Радовали Тургенева и те успехи, которые совершала в последние годы русская литература на драматургическом поприще. В ноябре 1859 года, в Петербурге, А. Н. Островский читал перед известными литераторами новую драму «Гроза». Тургенев пришел на чтения с предубеждением: Фет, познакомившийся с «Грозою» ранее, уже сообщил Тургеневу, что это мелодраматическая вещь, написанная в подражание французской сценической традиции.

В манере чтения у Островского отсутствовал тот артистический розыгрыш, который был характерен для Писемского и нравился многим, а у Тургенева вызывал скрытое раздражение. Островский оттенял характеры героев без нажима: создавалось ощущение, что над миром выведенных в драме героев царит и господствует мудрый чародей художественного слова. И чем долее вслушивался Тургенев в текст произведения, тем большее восхищение испытывал. Фету же он написал: «Фет! Помилосердуйте! Где было Ваше чутье, Ваше понимание поэзии, когда Вы не признали в «Грозе»... удивительнейшее, великолепнейшее произведение русского, могучего, вполне овладевшего собою таланта? Где Вы нашли тут мелодраму, французские замашки, неестественность? Я решительно ничего не понимаю — и в первый раз гляжу на Вас (в этого рода вопросе) с недоумением. Аллах! какое затменье нашло на Вас?»

Но радости Тургенева не были продолжительными. Вскоре одно за другим последовали события, поставившие под сомнение веру в святость и искренность дружеских чувств. Зимой 1860 года произошла пренеприятнейшая размолвка с И. А. Гончаровым. Талант этого писателя Тургенев ценил очень высоко еще со времен Белинского, благословившего на литературный успех первый гончаровский роман «Обыкновенная история». С благословения Тургенева вышел в свет второй роман Ивана Александровича — «Обломов». Гончаров читал его в Париже Тургеневу и другим русским писателям. Их высокая оценка окрылила сомневающегося в себе писателя. Иван Александрович платил Тургеневу взаимностью: «Записки охотника», например, он считал непревзойденным шедевром русской художественной прозы. «Помню, — рассказывал Л. Н. Толстой, — как Гончаров говорил мне, что из народной жизни после «Записок охотника» Тургенева писать уже нечего. Все исчерпано». Гончаров доверял критическому чутью и эстетическому вкусу Тургенева, часто читал ему отрывки из нового романа («Обрыв»), над которым, по обыкновению, работал очень долго и трудно.

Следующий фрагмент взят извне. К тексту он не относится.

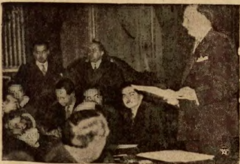
Po wypowiedzeniu przez rząd Rzeszy Niemieckiej traktatu lokarneńskiego i okupacji przez wojska niemieckie zdemilitaryzowanej strefy nadreńskiej, rozpoczęła się w Paryżu gorączkowa akcja dyplomatyczna dla zajęcia stanowiska wobec kroku rządu Rzeszy, skierowanego według opinii politycznych kół paryskich bezpośrednio przeciwko Francji. W związku z tem odbyła się w Paryżu konferencja przedstawicieli mocarstw — sygnatariuszy traktatu lokarneńskiego. Zdjęcie nasze przedstawia ministra Spraw Zagranicznych Francji Flandina, w momencie odczytywania memorandum rządu Rzeszy Niemieckiej w czasie wymienionej konferencji. Narady te, jak wiadomo, będą kontynuowane w Londynie, gdzie również została zwołana na dzień 14-go b. m. nadzwyczajna sesja Rady Ligi Narodów.

Недоразумения начались еще 28 декабря 1858 года, после чтения романа «Дворянское гнездо». Гончарову показалось, что и герои, и сюжетные повороты тургеневского романа перекликаются с теми фрагментами из «Обрыва», которые он читал Тургеневу. Выслушав претензии Ивана Александровича, Тургенев, с обычной для него уступчивостью, согласился, что, возможно, некоторые мотивы неосознанно подхвачены им у мнительного автора «Обломова». Чтобы снять напрасные подозрения, он устранил из «Дворянского гнезда» сцену объяснения Марфы Тимофеевны с Лизой, которая показалась Гончарову похожей на эпизод разговора Веры с бабушкой, Татьяной Марковной Бережковой. Теперь Тургенев понял, что своей уступкой он совершил большую ошибку. Уступка эта не только не развеяла, а, напротив, усилила подозрительность. Гончаров написал Тургеневу письмо, в котором предлагал автору «Рудина» и «Дворянского гнезда» отказаться от сочинения романов, якобы вообще несвойственных и чуждых его писательской манере, склонной к легким и изящным очеркам и раскрывшейся полно и всесторонне в «Записках охотника». Что такое «Дворянское гнездо»? — «Это картинки, силуэты, мелькающие очерки, исполненные жизни, а не сущность, не связь и не целость взятого круга жизни». Тургенев соглашался с такой оценкой и прибавлял: «Но что же прикажете мне делать. Не могу же я повторять «Записки охотника» до бесконечности? А бросить писать тоже не хочется. Остается сочинять такие повести, в которых, не претендуя ни на целость, ни на крепость характеров, ни на глубокое и всестороннее проникновение в жизнь, я бы мог высказать, что мне приходит в голову».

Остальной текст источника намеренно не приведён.